GOAL OF THE EXERCISE: Below is a listing. Set down exactly the lines from the one containing "While hanging onto" through the one containing "Beżowy Sweter z", both ends included, and leave out the rest.

RECORDS PROVIDED:
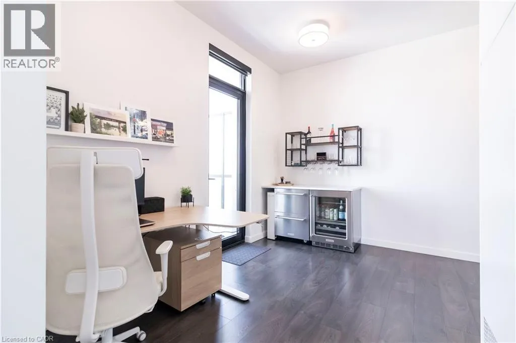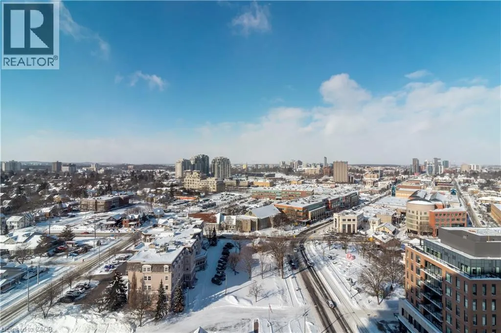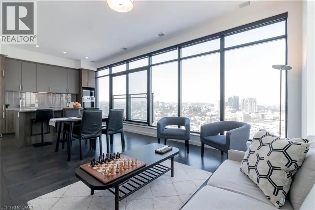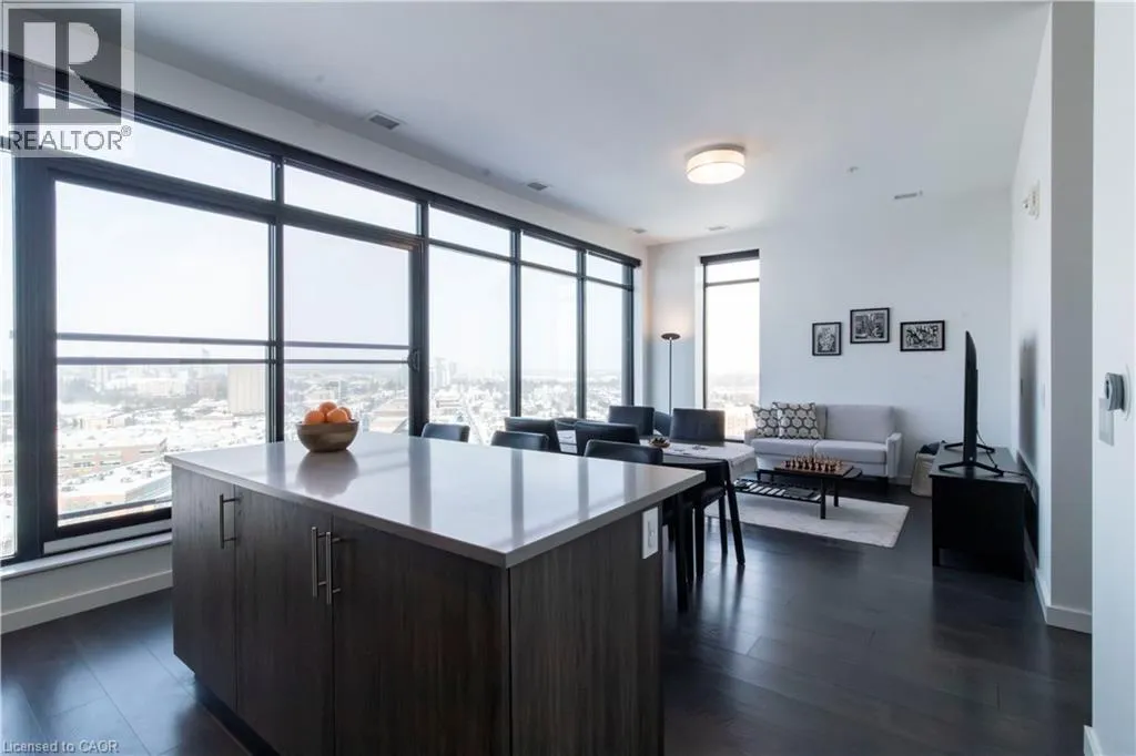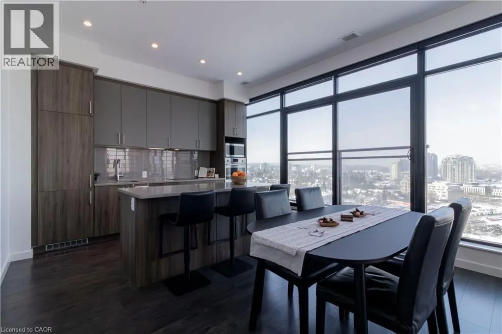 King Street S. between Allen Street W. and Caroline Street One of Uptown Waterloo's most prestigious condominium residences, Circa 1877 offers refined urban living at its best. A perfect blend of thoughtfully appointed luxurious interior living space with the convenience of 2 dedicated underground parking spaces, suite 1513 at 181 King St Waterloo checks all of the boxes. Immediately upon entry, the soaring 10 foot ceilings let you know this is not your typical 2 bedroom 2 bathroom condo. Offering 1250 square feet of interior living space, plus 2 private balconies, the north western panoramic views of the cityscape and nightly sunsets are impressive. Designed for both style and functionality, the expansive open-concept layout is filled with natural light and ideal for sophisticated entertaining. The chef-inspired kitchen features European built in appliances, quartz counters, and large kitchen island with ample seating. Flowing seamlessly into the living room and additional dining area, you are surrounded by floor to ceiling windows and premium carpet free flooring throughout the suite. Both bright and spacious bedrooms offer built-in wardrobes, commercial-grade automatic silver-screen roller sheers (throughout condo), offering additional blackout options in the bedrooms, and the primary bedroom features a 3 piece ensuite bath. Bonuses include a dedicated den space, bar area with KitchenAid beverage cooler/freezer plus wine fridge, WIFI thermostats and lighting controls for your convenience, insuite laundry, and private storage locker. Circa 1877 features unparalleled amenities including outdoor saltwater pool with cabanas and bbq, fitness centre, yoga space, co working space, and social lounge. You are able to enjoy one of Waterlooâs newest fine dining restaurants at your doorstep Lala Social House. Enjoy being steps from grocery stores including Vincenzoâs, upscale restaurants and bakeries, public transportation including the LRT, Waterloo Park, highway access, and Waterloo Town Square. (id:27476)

...

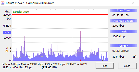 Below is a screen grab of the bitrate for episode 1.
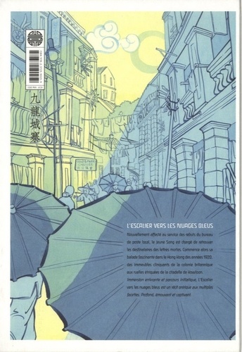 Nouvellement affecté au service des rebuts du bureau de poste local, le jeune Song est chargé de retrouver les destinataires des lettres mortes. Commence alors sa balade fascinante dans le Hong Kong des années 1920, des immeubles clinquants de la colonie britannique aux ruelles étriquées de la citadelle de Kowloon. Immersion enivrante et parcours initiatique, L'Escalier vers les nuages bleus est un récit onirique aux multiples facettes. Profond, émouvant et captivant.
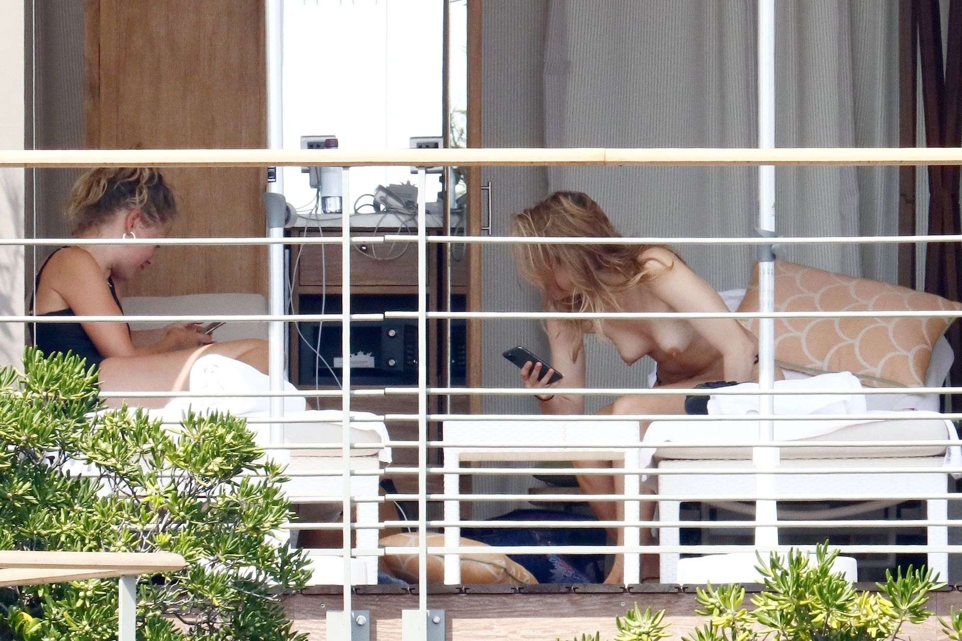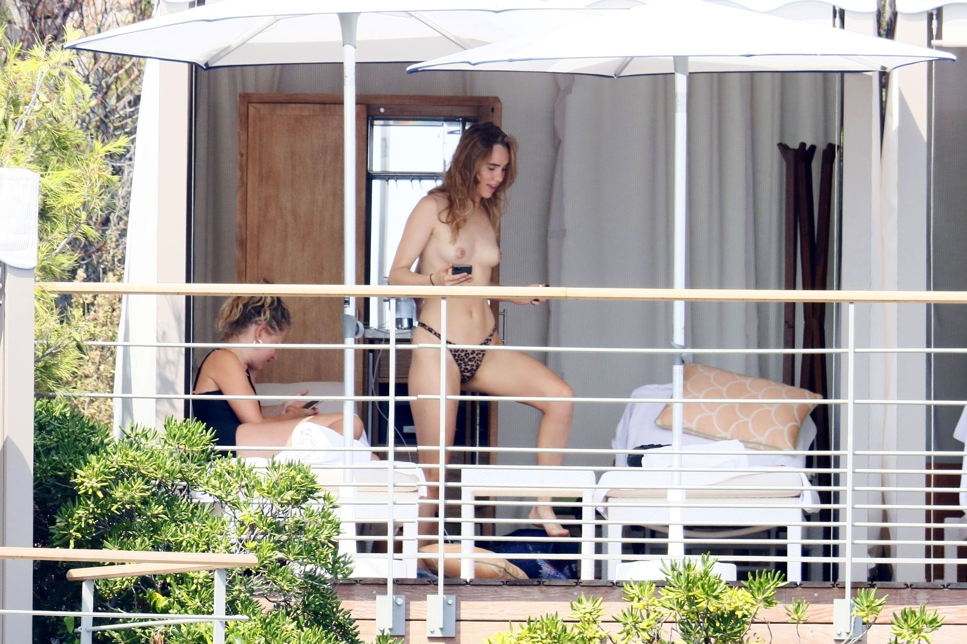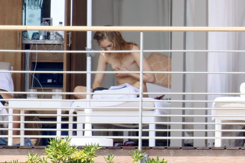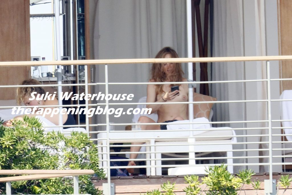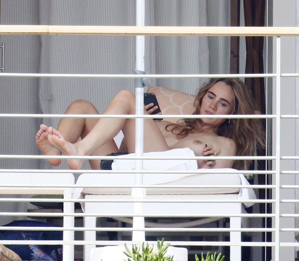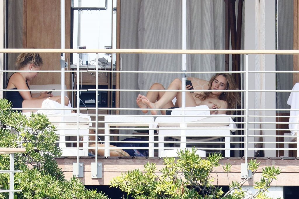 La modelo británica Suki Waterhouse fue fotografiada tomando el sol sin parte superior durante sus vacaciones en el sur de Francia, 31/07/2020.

* * *

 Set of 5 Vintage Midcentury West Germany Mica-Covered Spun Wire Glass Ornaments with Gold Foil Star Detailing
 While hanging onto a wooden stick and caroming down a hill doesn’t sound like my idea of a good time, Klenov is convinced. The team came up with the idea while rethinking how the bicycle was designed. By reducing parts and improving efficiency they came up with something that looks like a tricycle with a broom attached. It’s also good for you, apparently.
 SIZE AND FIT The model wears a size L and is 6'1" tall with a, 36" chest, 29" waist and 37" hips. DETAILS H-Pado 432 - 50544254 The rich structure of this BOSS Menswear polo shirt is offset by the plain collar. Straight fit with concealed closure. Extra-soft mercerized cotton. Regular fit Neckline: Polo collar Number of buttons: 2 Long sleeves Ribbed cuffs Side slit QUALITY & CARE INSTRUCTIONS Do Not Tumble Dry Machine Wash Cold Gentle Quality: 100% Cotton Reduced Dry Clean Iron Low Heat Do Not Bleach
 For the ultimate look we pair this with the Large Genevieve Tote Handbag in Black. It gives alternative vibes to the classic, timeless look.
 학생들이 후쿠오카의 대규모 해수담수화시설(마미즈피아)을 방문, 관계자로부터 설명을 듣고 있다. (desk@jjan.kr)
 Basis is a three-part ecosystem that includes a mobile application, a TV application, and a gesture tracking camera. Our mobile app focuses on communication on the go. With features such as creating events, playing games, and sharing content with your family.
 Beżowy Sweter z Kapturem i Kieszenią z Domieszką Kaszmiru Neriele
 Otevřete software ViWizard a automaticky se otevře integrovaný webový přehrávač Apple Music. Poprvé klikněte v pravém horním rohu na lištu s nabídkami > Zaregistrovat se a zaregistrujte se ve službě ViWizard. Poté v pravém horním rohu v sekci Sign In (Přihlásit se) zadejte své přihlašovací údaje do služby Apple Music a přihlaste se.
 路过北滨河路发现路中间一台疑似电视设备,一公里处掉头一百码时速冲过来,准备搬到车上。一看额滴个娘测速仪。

EXPECTED ANSWER:
 While hanging onto a wooden stick and caroming down a hill doesn’t sound like my idea of a good time, Klenov is convinced. The team came up with the idea while rethinking how the bicycle was designed. By reducing parts and improving efficiency they came up with something that looks like a tricycle with a broom attached. It’s also good for you, apparently.
 SIZE AND FIT The model wears a size L and is 6'1" tall with a, 36" chest, 29" waist and 37" hips. DETAILS H-Pado 432 - 50544254 The rich structure of this BOSS Menswear polo shirt is offset by the plain collar. Straight fit with concealed closure. Extra-soft mercerized cotton. Regular fit Neckline: Polo collar Number of buttons: 2 Long sleeves Ribbed cuffs Side slit QUALITY & CARE INSTRUCTIONS Do Not Tumble Dry Machine Wash Cold Gentle Quality: 100% Cotton Reduced Dry Clean Iron Low Heat Do Not Bleach
 For the ultimate look we pair this with the Large Genevieve Tote Handbag in Black. It gives alternative vibes to the classic, timeless look.
 학생들이 후쿠오카의 대규모 해수담수화시설(마미즈피아)을 방문, 관계자로부터 설명을 듣고 있다. (desk@jjan.kr)
 Basis is a three-part ecosystem that includes a mobile application, a TV application, and a gesture tracking camera. Our mobile app focuses on communication on the go. With features such as creating events, playing games, and sharing content with your family.
 Beżowy Sweter z Kapturem i Kieszenią z Domieszką Kaszmiru Neriele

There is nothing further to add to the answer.